This article is step 4 in the TipCalc tutorial for MvvmCross v3 - Hot Tuna!

The story so far...

We started with the goal of creating an app to help calculate what tip to leave in a restaurant.

We had a plan to produce a UI based on this concept:

Sketch

To satisfy this, we built a 'Core' Portable Class Library project which contained:

  • our 'business logic' - ICalculation
  • our ViewModel - TipViewModel
  • our App which contains the application wiring, including the start instructions

We then added our first User Interface - for Xamarin.Android:

Android

We then added our second User Interface - for Xamarin.iOS:

v1

For our next project, let's shift to WindowsPhone.

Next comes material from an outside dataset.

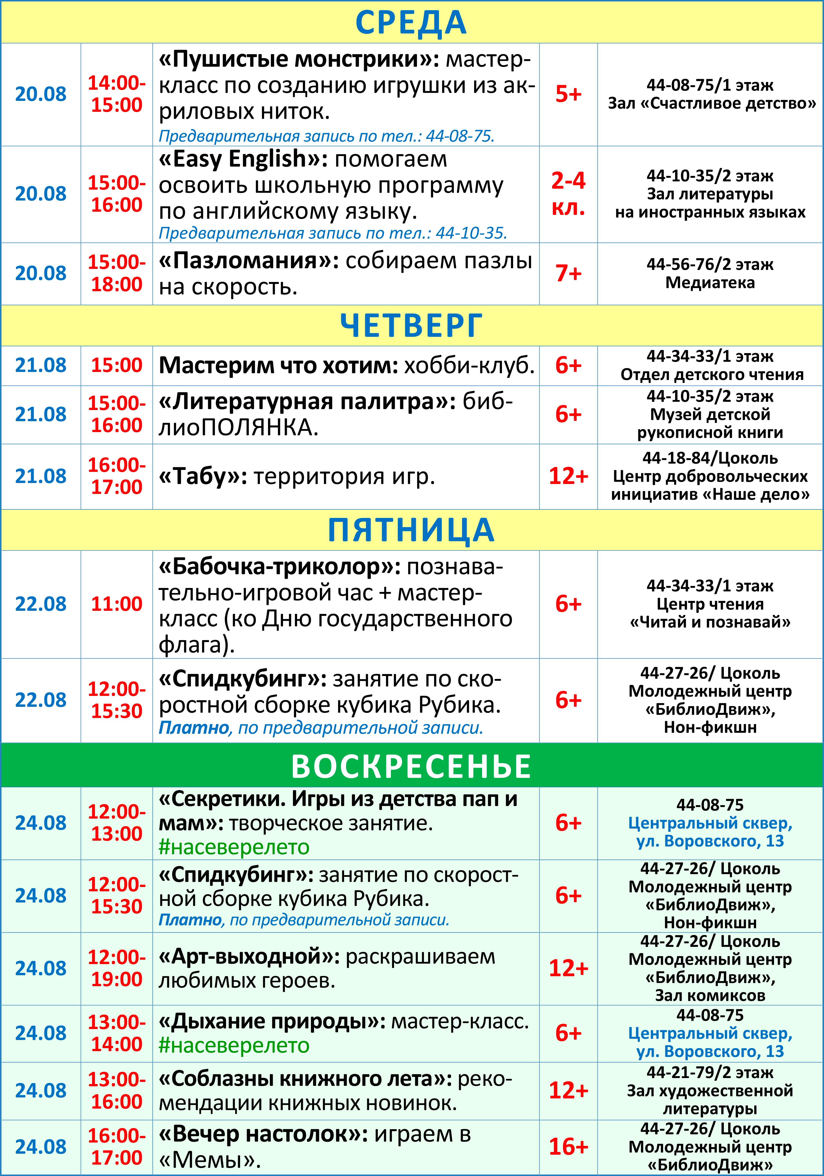 Обратите внимание – на некоторые мастер-классы необходима предварительная запись. В программе возможны изменения. Уточняйте, пожалуйста, информацию по указанному в афише телефону.

To create an WindowsPhone MvvmCross UI, you can use the Visual Studio project template wizards, but here we'll instead build up a new project 'from empty', just as we did for the Core, Android and iOS projects.

Obviously, to work with WindowsPhone, we will need to switch back to working on the PC with Visual Studio.

Create a New WindowsPhone Project

Add a new project to your solution - a 'Windows Phone App' application with name TipCalc.UI.WP.

For target operating system, you can choose 7.1 or 8.0 - your choice.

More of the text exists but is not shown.